Therapeutic targeting of myeloid-derived suppressor cells involves a novel mechanism mediated by clusterin

Myeloid-derived suppressor cells (MDSCs) constitute a key checkpoint that impedes tumor immunity against cancer. Chemotherapeutic intervention of MDSCs has gained ground as a strategy for cancer therapy but its mechanism remains obscure.We report here a unique mechanism by which monocytic (M)-MDSCs are spared, allowing them to polarize towards M1 macrophages for reactivation of immunity against breast cancer.

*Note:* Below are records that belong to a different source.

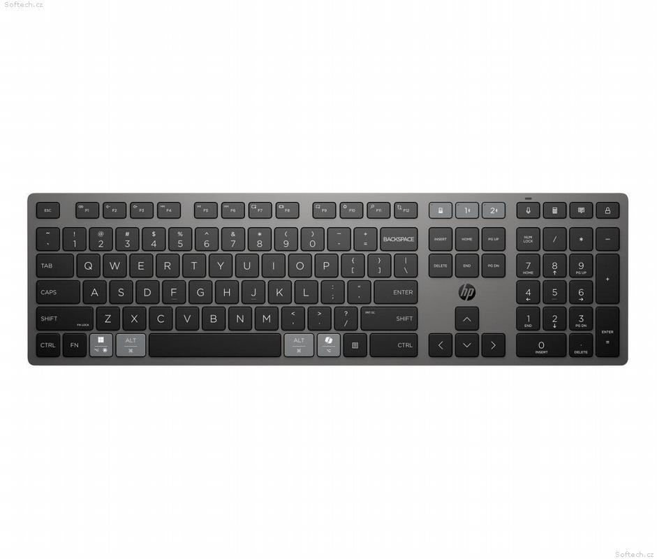 HP 725 - Klávesnice - více zařízení, dobíjecí, napájené pomocí SuperCapacitor - full size - bezdrátový - 2.4 GHz, Bluetooth - česká, slovenská - nightfall black
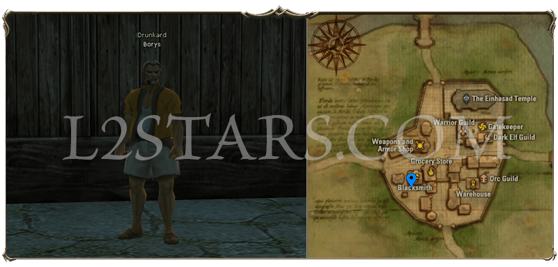 6. Телепортируйемся в Town of Gludio, за кузнице ищем и разговариваем с DrunkardBorys Он вам передаст
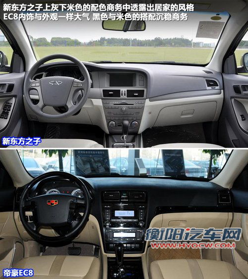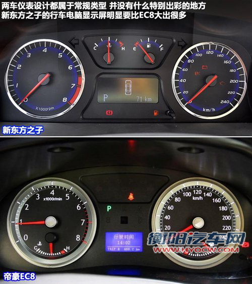 两车仪表设计都属于常规类型,并没有什么过于出彩的地方。新东方之子的行车电脑显示屏明显要比EC8大,而且黑底白字看上去很舒服。帝豪的EC8显示屏过小的显示屏,蓝色的背景光与周围仪表搭配起来总有那么点“山寨”。
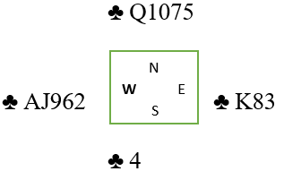 Vel, du startet altså med esset og spilte liten fra vest i den hensikt å legge åtteren om nord fulgte på med liten. Hvis syd er den som har fire har ikke nord kløver andre gangen så du vet plutselig sitsen. Da gås opp med kløver konge fulgt av liten mot knekten tredje gjenværende hos vest. Syd har igjen kun Q-10 og kan ikke få mer enn ett stikk.
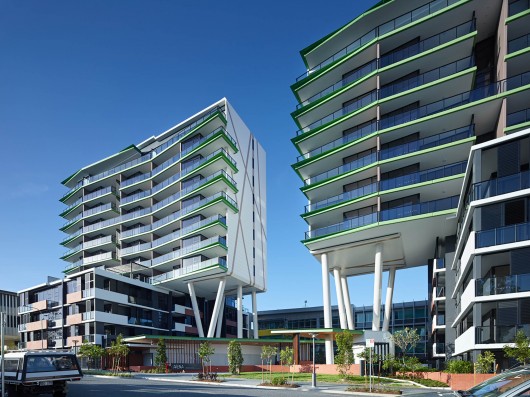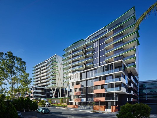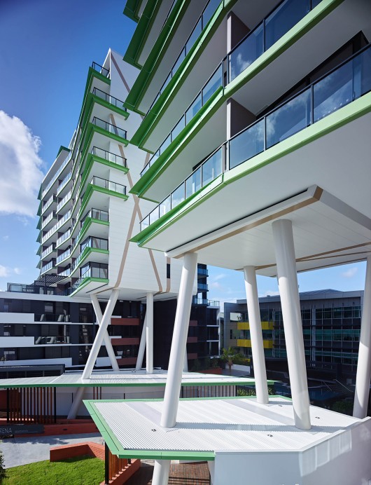 From the architect. The Arena Apartments development in South Brisbane is unlike anything else in Brisbane. Designed for Sydney based developer, Galileo Group, the favourable site offered an elevated North East orientation with expansive views towards the city. Its distinctive form has been generated as a direct response of overlaying the functional requirements of the brief with the specific site constraints, including a new cross block link connection through to West End, and the requirement to maintain views through the site for the office building behind.

We first demonstrated that curcumin, like docetaxel (DTX), can selectively target CD11b(+)Ly6G(+)Ly6C(low) granulocytic (G)-MDSCs, sparing CD11b(+)Ly6G(−)Ly6C(high) M-MDSCs, with reduced tumor burden in 4T1-Neu tumor-bearing mice. Curcumin treatment polarized surviving M-MDSCs toward CCR7(+) Dectin-1(−)M1 cells, accompanied by IFN-γ production and cytolytic function in T cells. Selective M-MDSC chemoresistence to curcumin and DTX was mediated by secretory/cytoplasmic clusterin (sCLU). sCLU functions by trapping Bax from mitochondrial translocation, preventing the apoptotic cascade. Importantly, sCLU was only found in M-MDSCs but not in G-MDSCs. Knockdown of sCLU in M-MDSCs and RAW264.7 macrophages was found to reverse their natural chemoresistance. Clinically, breast cancer patients possess sCLU expression only in mature CD68(+) macrophages but not in immature CD33(+) immunosuppressive myeloid cells infiltrating the tumors. We thus made the seminal discovery that sCLU expression in M-MDSCs accounts for positive immunomodulation by chemotherapeutic agents.